According to a further feature of the present invention, the agent is a vaccine, with or without carriers, adjuvants and vehicles, the vaccine selected from the group consisting of prophylactic and therapeutic antigens including but not limited to subunit proteins, peptides, polypeptides, and polysaccharides, polysaccharide conjugates, toxoids, genetic based vaccines, live attenuated bacteria or viruses, mutated bacteria or viruses, reassortant bacteria or viruses; live, non-attenuated virus or viral vectors, inactivated or killed virus, live, non-attenuated bacteria and inactivated or killed bacteria or viruses, whole cells or components thereof, cellular vaccines or components thereof, viral and bacterial vectors including but not limited to those derived from adenoviruses, retroviruses alphaviruses, flaviviruses, and vaccinia viruses, vaccines in connection with addiction, anthrax, arthritis, cholera, diphtheria, dengue, tetanus, lupus, multiple sclerosis, parasitic diseases including Leishmania, psoriasis, Lyme disease, SARS, Ebola, Yellow Fever, meningococcus, measles, mumps, rubella, varicella, yellow fever, Respiratory syncytial virus, tick borne Japanese encephalitis, pneumococcus, smallpox, streptococcus, staphylococcus, typhoid, influenza including seasonal, pre-pandemic and pandemic influenza, hepatitis, including hepatitis A, B, C, D, E and G, otitis media, rabies, polio, HIV, parainfluenza, rotavirus, Epstein Barr Virus, CMV, chlamydia, non-typeable haemophilus, haemophilus influenza B (HIB), moraxella catarrhalis, human papilloma virus, tuberculosis including BCG, gonorrhoeae, asthma, atherosclerosis, malaria, E. coli, Alzheimer's Disease, H. Pylori, salmonella, diabetes, cancer, herpes simplex, human papilloma, Yersitiia pestis, traveler's diseases, West Nile encephalitis, Carnplobacter, and C. difficile and bioterrorism agents.
According to a further feature of the present invention, the agent is selected from a combination of vaccines against (i) measles, mumps and rubella, (ii) diphtheria, tetanus and acellular pertussis, (iii) hepatitis A and hepatitis B (iv) haemophilus influenza B, diphtheria, tetanus and acellular pertussis, (v) haemophilus influenza B, hepatitis B, diphtheria, tetanus and a cellular pertussis, and (vi) haemophilus influenza B, inactivated polio, diphtheria, tetanus and acellular pertussis which are commonly delivered in combination to the subcutaneous and/or intramuscular space.
According to a further feature of the present invention, the agent is at least one vaccine and wherein a comparable immune response is induced using a lesser dose of the agent as compared to when the same agent is delivered via an intramuscular route.
According to a further feature of the present invention, the agent achieves a better response using the same dose, or an equivalent response using a lesser dose, lesser adjuvant or no adjuvant, faster onset, longer response, improved memory response, higher bioavailability, lesser boosts, and lesser toxicity compared to when the same agent is delivered via an intramuscular route.
According to a further feature of the present invention, the agent achieves a similar response in less time or a greater response in similar time as compared to when the same agent is delivered via an intramuscular route.
According to a further feature of the present invention, the agent achieves a greater antibody production yield by generating higher titers for the same period of time or reduction of boosts required for the target titer or faster arrival to target titers or a combination thereof as compared to when the same agent is delivered via an intramuscular or subcutaneous route.
According to a further feature of the present invention, the agent is delivered at a controlled rate, volume, pressure and depth to generate a Mantoux skin response more reliably and consistently than the traditional intradermal Mantoux method with reduced false negative skin diagnostics.

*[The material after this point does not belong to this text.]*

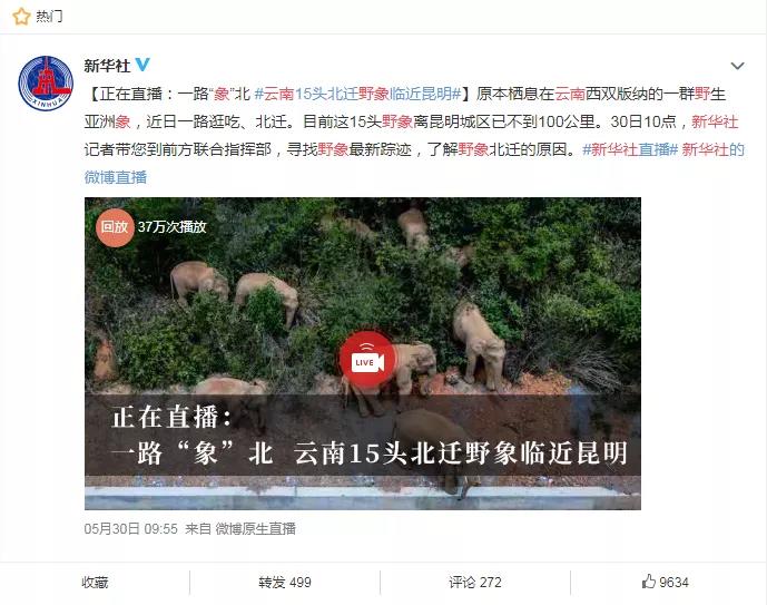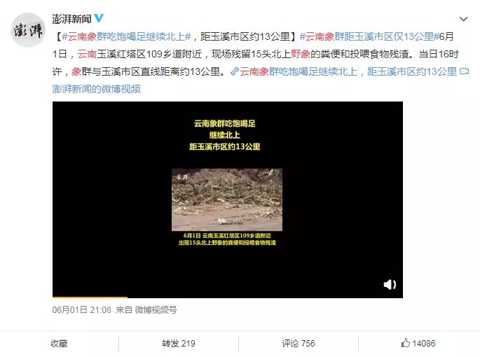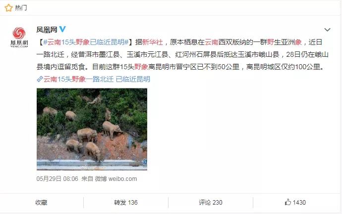 近日,15头野生亚洲象组成的象群沿着“西双版纳-普洱-红河-玉溪”一路向北逛吃逛吃,截止6月1日16时许,象群与玉溪市区的直线距离就剩下大约13公里,离昆明也是越来越近,这让网友不禁戏称:这是来昆明参加生物多样性大会吗?有不少朋友参与到关于此次野象北上事件原因的讨论中,有人认为是原有栖息地环境遭到了破坏,逼得大象们不得不出走;也有人认为是现在环境变好了,世界那么大,象要去看看;还有朋友认为,可能是大象们受到了某种惊吓,慌不择路,一路往北跑;更有网友调侃,大象是想要个编制,到昆明动物园安度晚年。
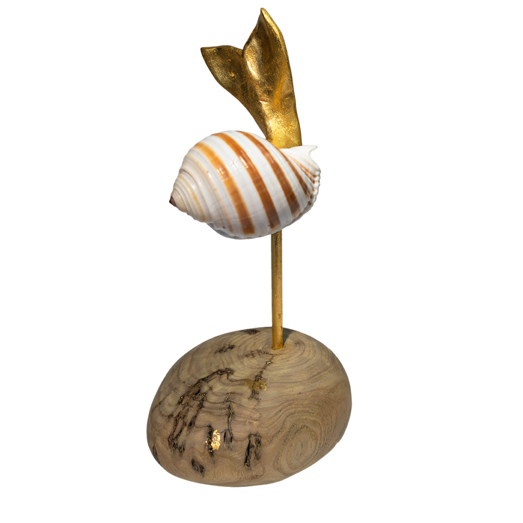 Ik probeerde die beweging van die duikende staart te versterken door de lijn door te trekken in een tropische schelp, de Tonna sulcosa. Ook al zo’n wonder van de natuur. De staart sneed ik uit lindehout, dat ik verguldde. De voet van catalpa-hout (’trompetboom’) is geïnspireerd op de gladgeschuurde keien die daar in Canada op het strand aanspoelden.

BRIEF DESCRIPTION OF THE DRAWINGS

The invention is herein described, by way of example only, with reference to the accompanying drawings, wherein:

FIG. 1A is a schematic isometric view of a microneedle device employed for implementing the intradermal delivery method according to the teachings of the present;

FIG. 1B is a cross-sectional view taken through the microneedle device of FIG. 1A;

FIG. 2 is a sequence of schematic views illustrating the method of intradermal delivery according to the teachings of the present invention applied to the shoulder of a subject;

FIG. 3 is a sequence of schematic side views further illustrating the method of intradermal delivery according to the teachings of the present invention applied to a region of skin;

FIGS. 4A and 4B are enlarged schematic cross-sectional views showing the interface of the microneedle device of FIG. 1B with the surface of the skin of a subject at the end of an anchoring motion and after a subsequent pivotal motion, respectively;

FIG. 5A is a bar graph comparing the levels of antigen/antibody complex levels detected by radioimmunoassay following immunization with 25 g hypodermic needle (“regular”) and microneedle (“Nano”);

FIG. 5B is a bar graph comparing the levels of antiserum titer detected by radioimmunoassay following immunization with 25 g hypodermic needle (“regular”) and microneedle (“Nano”);

FIG. 6A-FIG. 6C are bar graphs comparing the geometric mean titer (GMT) for strains H1NI (FIG. 6A), H3N2 (FIG. 6B) and B (FIG. 6C) for intradermal low dose (ID1), intradermal medium dose (ID2) and intramuscular (IM/standard) vaccination;

FIG. 7A-FIG. 7C are bar graphs comparing the seroconversion factor for strains H1NI (FIG. 6A), H3N2 (FIG. 6B) and B (FIG. 6C) for intradermal low dose (ID1), intradermal medium dose (ID2) and intramuscular (N/standard) vaccination;

FIG. 8A-FIG. 8C are bar graphs comparing the seroconversion rate for strains H1NI (FIG. 6A), H3N2 (FIG. 6B) and B (FIG. 6C) for intradermal low dose (ID1), intradermal medium dose (ID2) and intramuscular (IM/standard) vaccination; and

FIG. 9A-FIG. 9C are bar graphs comparing the seroprotection rate for strains H1NI (FIG. 6A), H3N2 (FIG. 6B) and B (FIG. 6C) for intradermal low dose (ID1), intradermal medium dose (ID2) and intramuscular (IM/standard) vaccination.

DESCRIPTION OF THE PREFERRED EMBODIMENTS

The present invention is method of intradermally delivering at least one biologically active agent into the skin of a subject.
The principles and operation of methods according to the present invention may be better understood with reference to the drawings and the accompanying description.
Referring now to the drawings, FIGS. 1A and 1B illustrate an example of a microneedle drug delivery device for delivery of fluids to intradermal layers of the skin of a mammalian subject that can be used to practice the methods of the present invention. The principles and operation of devices according to the present invention may be better understood with reference to the drawings and the accompanying description.
The method of the present invention can be used to intradermally deliver agents such as drugs, vaccines, peptides, proteins, carbohydrates, nucleic acid molecules, lipids, organic molecules, biologically active inorganic molecules, and combinations thereof used in the prevention, diagnosis, alleviation, treatment, or cure of disease into the skin of a subject such as a human.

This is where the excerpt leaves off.